Sustainable and scalable cards business requires a judicious mix of “revolvers” and “transactors”.
Sustainable and scalable cards business requires a judicious mix of “revolvers” and “transactors”. Our analysis of the sector data suggests that HDFC Bank has managed to keep revolving loans at a disciplined 40%+, that of ICICI Bank has improved while for IndusInd Bank has deteriorated in the last 4-5 quarters.
The concept of “revolver” is core to generating interest income from cards business. “Revolvers” usually make the minimum monthly repayments or part payments, and therefore bear the interest rates.
“Transactors” pay the full balance off their card each month with banks having to fund the balances for 20-50 days depending on the billing cycle and transaction date.
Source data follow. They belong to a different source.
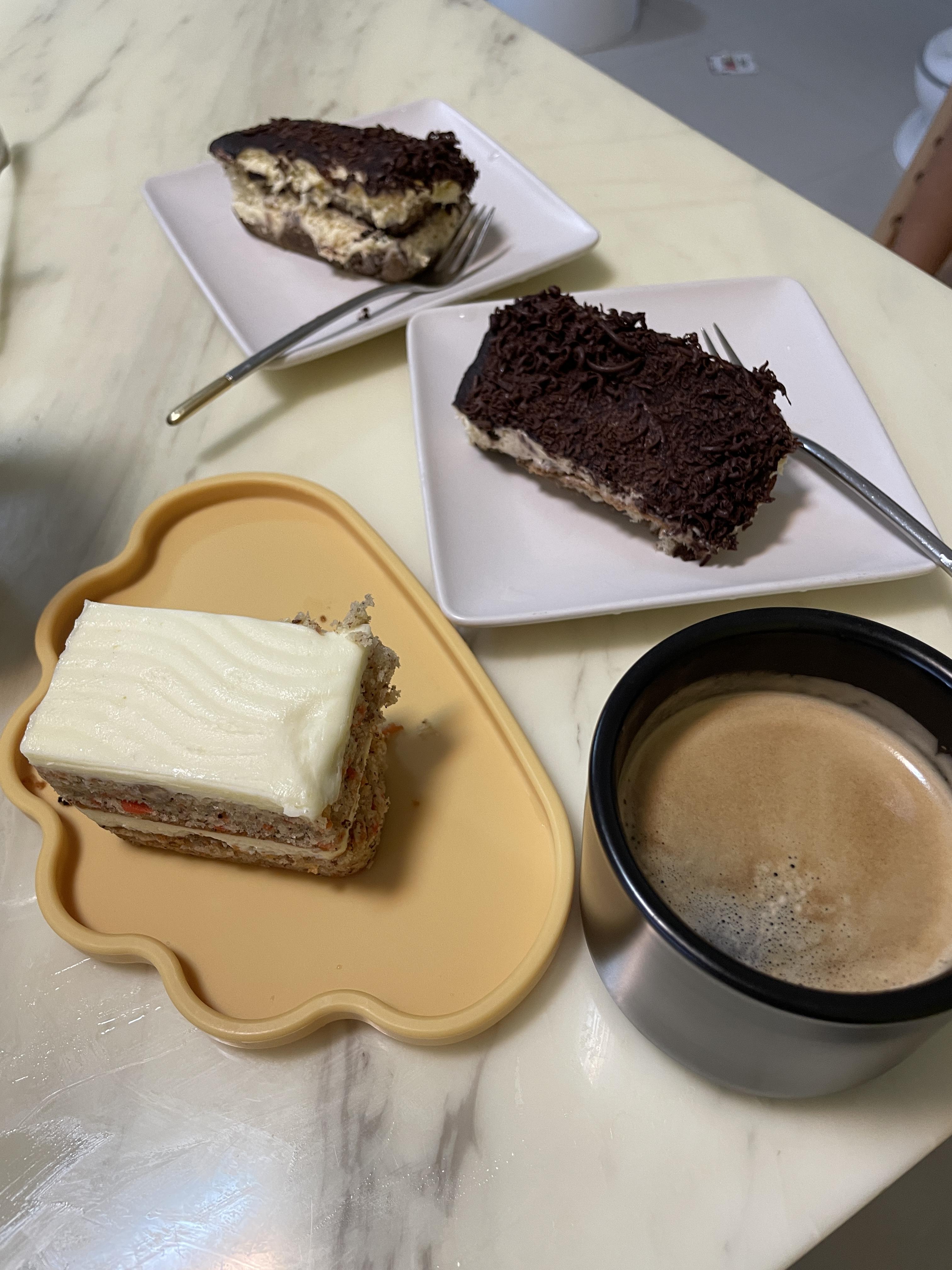 엄빠는 티라미수에 커피, 아이는 캐럿케이크에 우유.
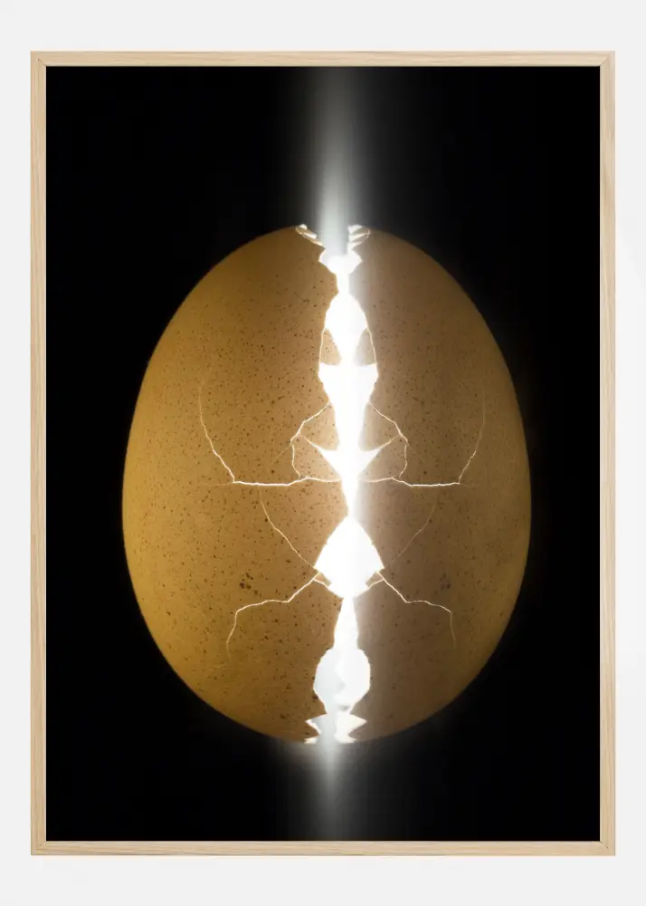 Un poster abstract dramatic cu un ou care se sparge, cu o lumină puternică care emană din el, totul pe un fundal negru. Lumina se desparte într-un model simetric superb. Razele de lumină înving întunericul într-o imagine abstractă, dar totuși convingătoare, perfectă pe oricare dintre pereții tăi.
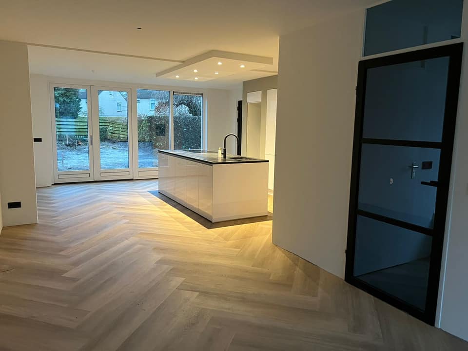 Hoge plinten, plakplinten, kitwerk en overgangen: wij werken alles strak af zodat het echt “af” voelt.
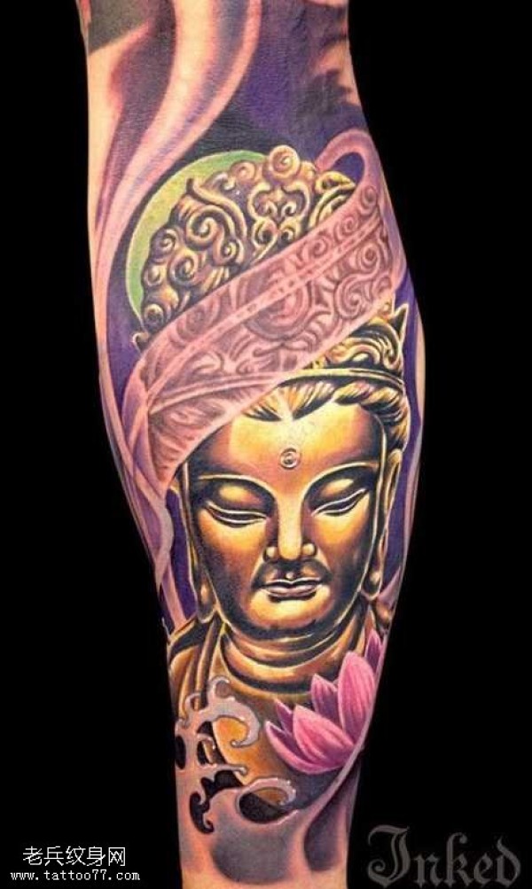 腿部金佛纹身图案
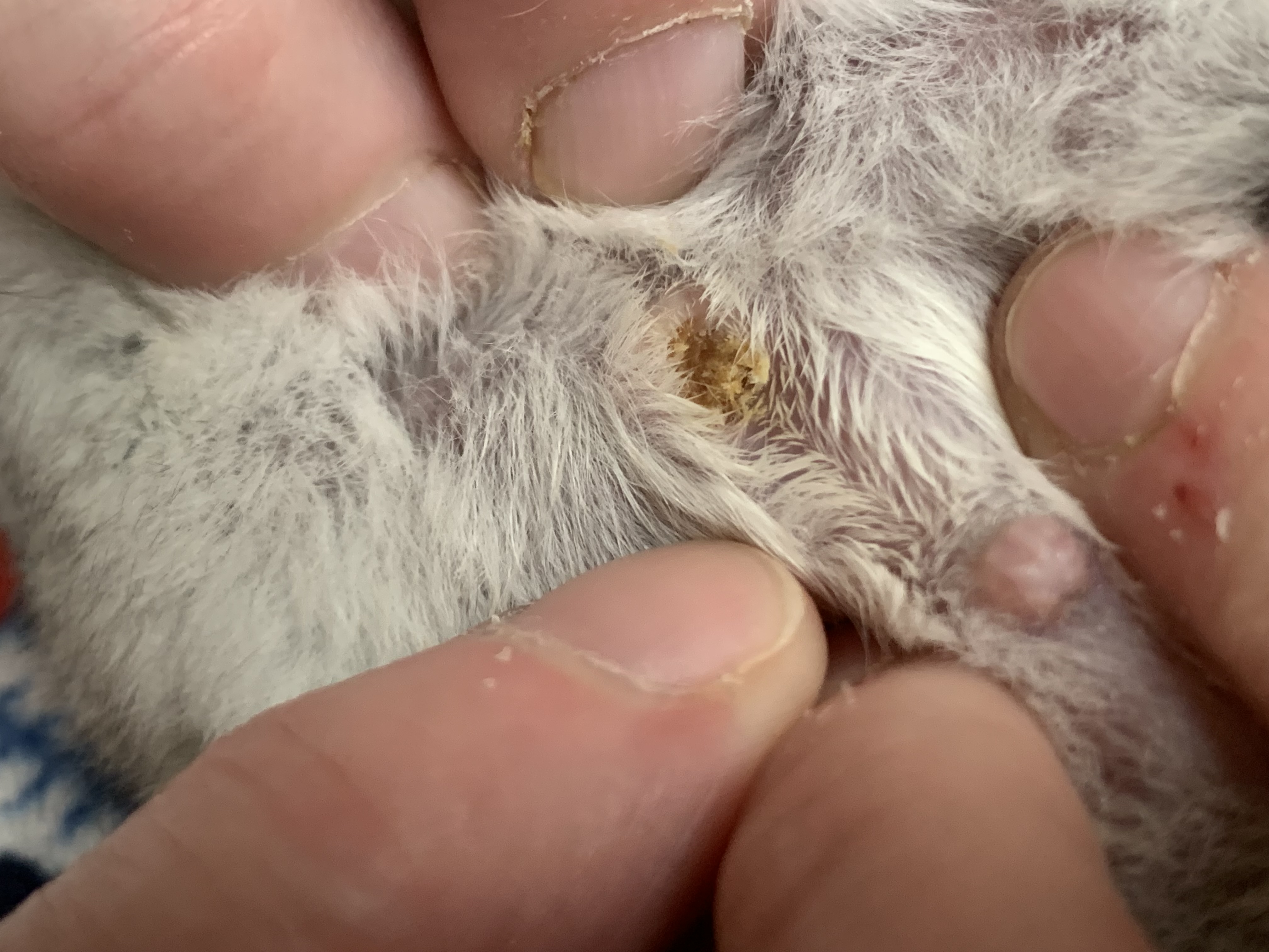 Dobrý den. Může to být strup po mikrobiálním přemnožení . Můžete to vyplachnout chlorhexid.samponem.S pozdravem MVDr Jančík.
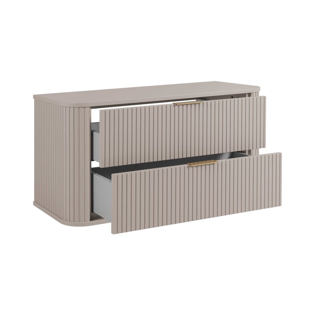 Ha fürdőszobáját a következő szintre szeretné emelni, egy 100 cm széles mosdószekrény remek választás. Bőséges tárolóhelyet kínál, aminek köszönhetően minden rendezetten elfér, és a fürdőszoba tiszta és rendezett lesz. A bézs szín elegáns külsőt kölcsönöz a belső térnek, ugyanakkor tökéletesen kombinálódik a fehér szaniterekkel, fekete kiegészítőkkel és modern csempékkel. Az ELEGANCE Cashmere mosdószekrény domináns dizájneleme a függőlegesen barázdált előlap, amely luxus és divatos hatást kelt, valamint a lekerekített élek , amelyek lágyítják a szekrény összképét. A 100 cm-es szélességnek köszönhetően kényelmet biztosít a mindennapi használathoz - több hely jut a kozmetikumoknak, gyógyszereknek, törölközőknek és egyéb kellékeknek, ugyanakkor kellemes érzés, hogy semmi sincs "látszótérben".

While banks with higher percentage of “transactors” will bleed money, banks with a very high percentage of “revolvers” run the risk of higher credit losses. Only a judicious mix between the two makes the business scalable and sustainable.
Axis Bank’s ratio has been volatile which we believe is a reflection of the bank’s strategy of enticing customers away from revolving their credit card loans on to EMI based personal loans. IndusInd Bank, surprisingly saw a material deterioration in the revolver rate. The latest entrant Yes Bank has so far circulated 3,123 cards as of July ’16 — should be mostly to internal customers and employees, we believe.